WHAT IS BEING ASKED:
Omit all pictures. Print the remaining lines exactly, from the start of the data through the line containing "테이블 관계 설정에서 만들기 버튼안눌러져요".

Saved entries:
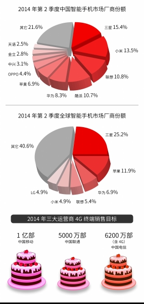 當北京三里屯眾人排隊搶購iPhone的瘋狂場景漸去漸遠,當三星“蓋世”系列智能手機的星光日漸黯淡,如今在中國的大街小巷、餐廳、地鐵車廂內(nèi),手握華為、聯(lián)想、酷派、中興、小米等國產(chǎn)手機的人比比皆是,此時誰也不能否認,國內(nèi)智能終端市場格局已經(jīng)悄然改變。蘋果、三星曾經(jīng)一統(tǒng)天下的局面不復存在,國產(chǎn)手機群體崛起,大洗牌正在持續(xù)進行。與此同時,伴隨國內(nèi)4G商用大幕的拉開,一場不見硝煙的4G終端爭奪戰(zhàn)也在如火如荼地展開。4G時代,誰能笑傲江湖,華為、聯(lián)想還是小米,更加令人熱切期待。
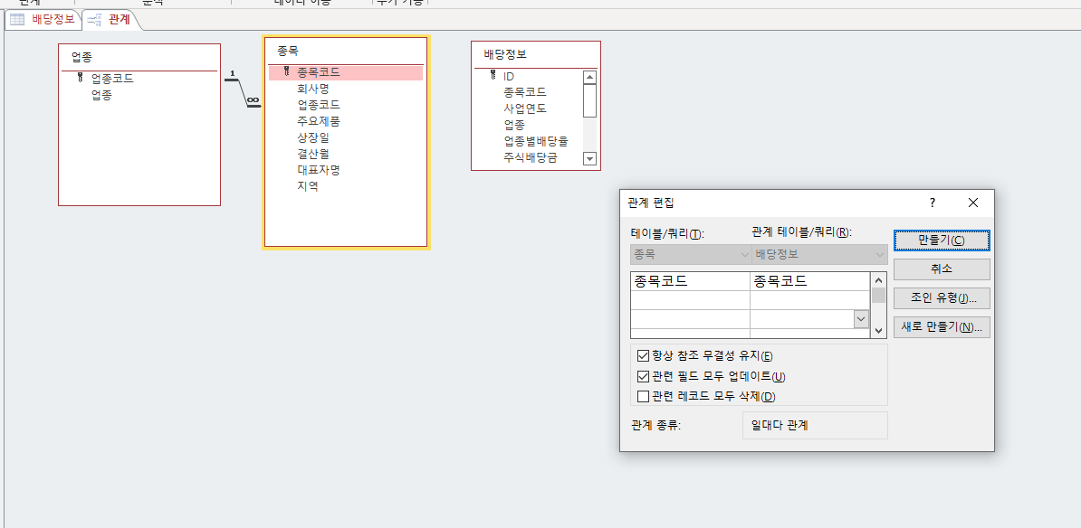 테이블 관계 설정에서 만들기 버튼안눌러져요
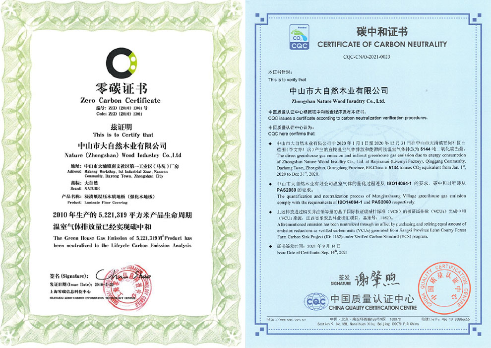 大自然家居始終堅持綠色低碳發(fā)展戰(zhàn)略。2021年9月14日,中國質(zhì)量認證中心(CQC)向大自然家居頒發(fā)《碳中和證書》,標志著大自然家居成為行業(yè)首個實現(xiàn)碳中和的“燈塔”企業(yè)。早在2010年就推出了大自然“零碳”地板,通過采取改良生產(chǎn)工藝、優(yōu)化物流布局、減少包裝材料等措施,實現(xiàn)生產(chǎn)過程碳排放量的控制與降低,獲得國際零碳專業(yè)委員會“碳中和”認證,同年鋪進了中國第一座零碳排放公共建筑——上海世博會零碳館。
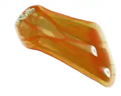 Volume rendered CT scan of a forearm with different colour schemes for muscle, fat, bone, and blood
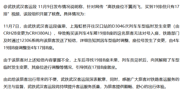 ·高铁票买到19排但车厢只有17排?官方发布情况说明。
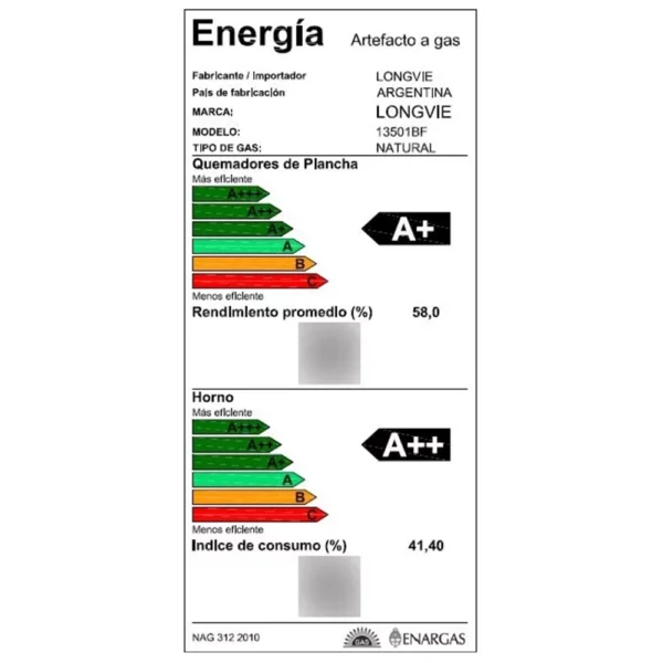 La alta calidad de los materiales constructivos aplicados con verdadero equilibrio permiten aprovechar al máximo toda la potencia de sus quemadores sin generar un alto consumo energético, por lo cual posee Eficiencia Energética A++ en horno.
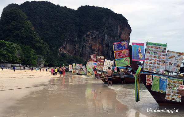 E’ meta di gite e le longtail che vanno e vengono possono diventare fastidiose, ma se si supera la parte centrale della spiaggia, più affollata, si può essere più tranquilli. In alternativa è da visitare la mattina presto o il pomeriggio tardi: non ci sono ombrelloni, bisogna accaparrarsi l’ombra di un alberello. Questa spiaggia regala paesaggi indimenticabili. Lungo la spiaggia ci sono numerose long tail che fungono da chioschi di cibo e sono state per noi una piacevole scoperta: il pesce e la frutta qui sono superlativi .
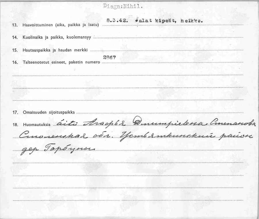 При этом жалобы на слабость у Смирнова датированы 8.03.1942: Jalat kipeat, heikko Ноги болят, слабые (слабый)
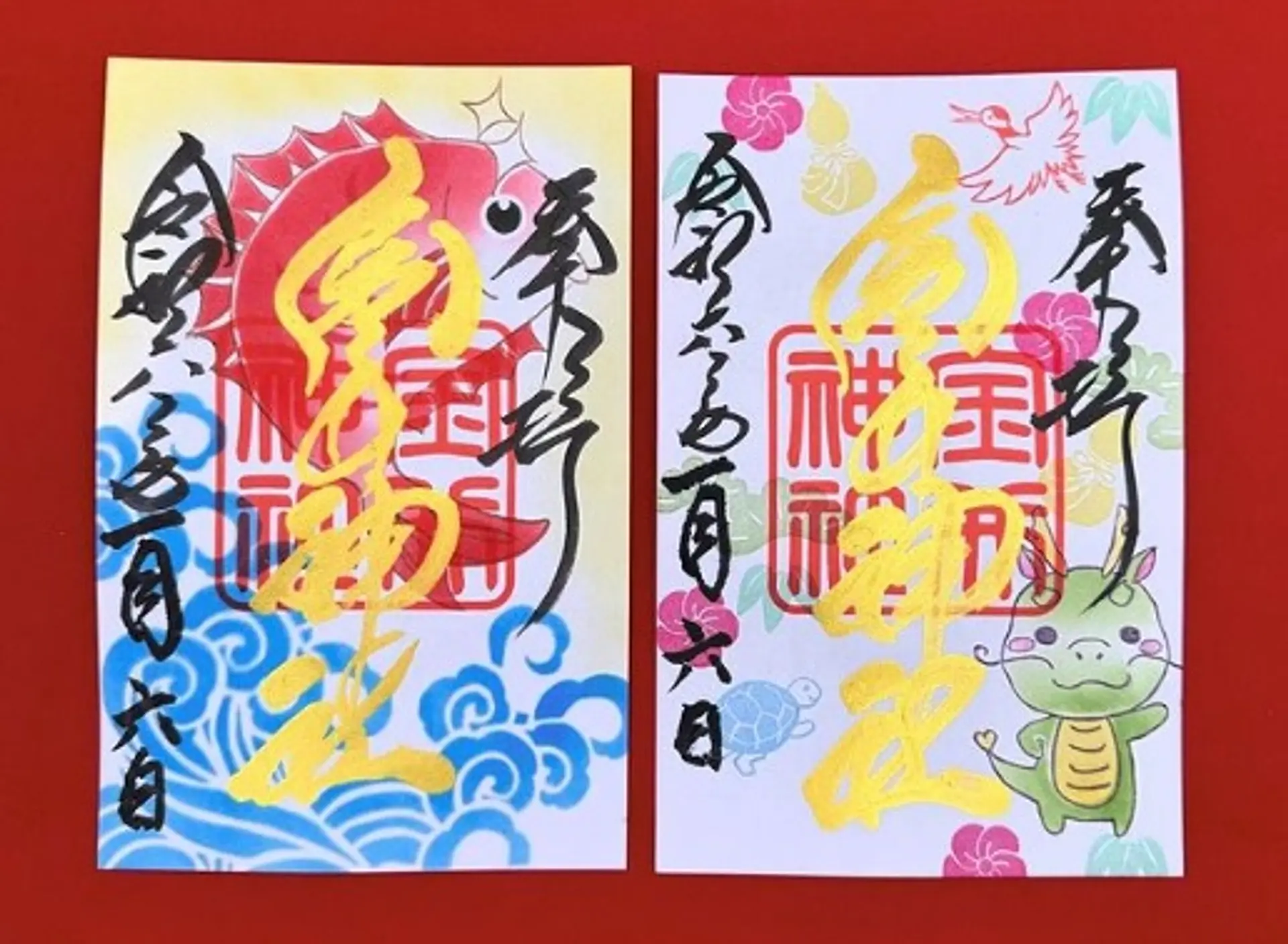 1月の月替御朱印のテーマは「松竹梅」と「めで鯛」。松竹梅の可愛らしい文様に、鶴や亀、干支である辰がデザインされた御朱印と、勇ましく波から跳ね上がる真っ赤な鯛がデザインされた御朱印が登場。

EXPECTED ANSWER:
 當北京三里屯眾人排隊搶購iPhone的瘋狂場景漸去漸遠,當三星“蓋世”系列智能手機的星光日漸黯淡,如今在中國的大街小巷、餐廳、地鐵車廂內(nèi),手握華為、聯(lián)想、酷派、中興、小米等國產(chǎn)手機的人比比皆是,此時誰也不能否認,國內(nèi)智能終端市場格局已經(jīng)悄然改變。蘋果、三星曾經(jīng)一統(tǒng)天下的局面不復存在,國產(chǎn)手機群體崛起,大洗牌正在持續(xù)進行。與此同時,伴隨國內(nèi)4G商用大幕的拉開,一場不見硝煙的4G終端爭奪戰(zhàn)也在如火如荼地展開。4G時代,誰能笑傲江湖,華為、聯(lián)想還是小米,更加令人熱切期待。
 테이블 관계 설정에서 만들기 버튼안눌러져요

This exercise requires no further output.